Here's a really simple proof. Let $f\colon \mathbb{F}^{\infty}\rightarrow \mathbb{F}^{\infty}$ be given by $f(x_0,x_1,x_2,\ldots)=(x_1,x_2,\ldots)$. It's easy to see that $f$ is linear. Note that $\mbox{Im}\:f =\mathbb{F}^{\infty}$ but $\ker f=\{(x_0,0,0,\ldots)\mid x_0\in\mathbb{F}\}\cong\mathbb{F}$ and so we have a surjective linear map from a vector space to itself which is not injective.

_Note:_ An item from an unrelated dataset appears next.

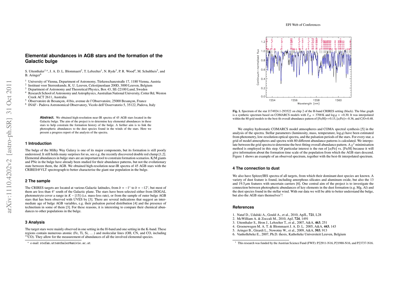 We obtained high-resolution near-IR spectra of 45 AGB stars located in the Galactic bulge. The aim of the project is to determine key elemental abundances in these stars to help constrain the formation history of the bulge. A further aim is to link the photospheric abundances to the dust species found in the winds of the stars. Here we present a progress report of the analysis of the spectra.

This is not possible for finite dimensional vector spaces by the rank nullity theorem and so $\mathbb{F}^{\infty}$ is infinite dimensional.


An indirect proof can be simpler than the one you sketch.

Suppose that $K^\infty$ (or $K^{\mathbb N}$ -- that doesn't matter here) has finite dimension $n$. We know already (I hope) that in a finite-dimensional vector space no linearly independent set can have more members than the dimension. But $\{\mathbf e_1,\mathbf e_2,\ldots,\mathbf e_n,\mathbf e_{n+1}\}$ is clearly a linearly independent set of size $n+1$, so $n$ can't have been the dimension after all.


In this post, I will prove a special case. $F^{\infty}=\{(x_n)_{n\in \Bbb{N}}| x_n\in F\}$. Let $K$ be a countable subfield of $F$. Proof of existence of such $K$: Characteristics of a field $F$ is either $0$ or prime. If characteristics of a field $F$ is $0$, then $F$ contains the field of rational numbers $\Bbb{Q}$. If characteristics of a field $F$ is prime say $p$, then $F$ contains the finite field $\Bbb{Z}_p$. Hence $\exists K\subseteq F$ such that $K$ is countable subfield of $F$. There is a “subtle” reason, why we use subfield instead of an arbitrary field. Usually scalar multiplication operation on $F^\infty$ is defined by $c\cdot (x_n)_{n\in \Bbb{N}}=(c\cdot x_n)_{n\in \Bbb{N}}$. If field is arbitrary, then $c\cdot x_n$ don’t make sense. It’s easy to check $(F^\infty, K,+,\cdot)$ is a vector space over field $K$.

Claim: $(F^\infty, K,+,\cdot)$ is infinite dimensional vector space. Proof: Assume towards contradiction, $F^\infty$ is finite-dimensional vector space, $\mathrm{dim}(F^\infty)=n\in \Bbb{N}$. Let $B=\{\alpha_1,…,\alpha_n\}$ is basis of $F^\infty$. Then $\exists f:F^\infty \to K^n$ such that $f$ is bijective, here is the proof. Since $F$ is field, $\exists 0_F,1_F\in F$ such that $0_F\neq 1_F$. Let $A=\{ (x_i)_{i\in \Bbb{N}}|x_i=0_F \text{ or } 1_F\}$. By theorem 2.14 of Baby Rudin, $A$ is uncountable. Since $A\subseteq F^\infty$, we have $F^\infty$ is uncountable. Since $f$ is bijective, $|F^\infty|=|K^n|$. So $K^n$ is uncountable. But by theorem 2.13 of Baby Rudin, $K^n$ is countable. Thus we reach contradiction. Hence $(F^\infty, K,+,\cdot)$ is infinite dimensional vector space.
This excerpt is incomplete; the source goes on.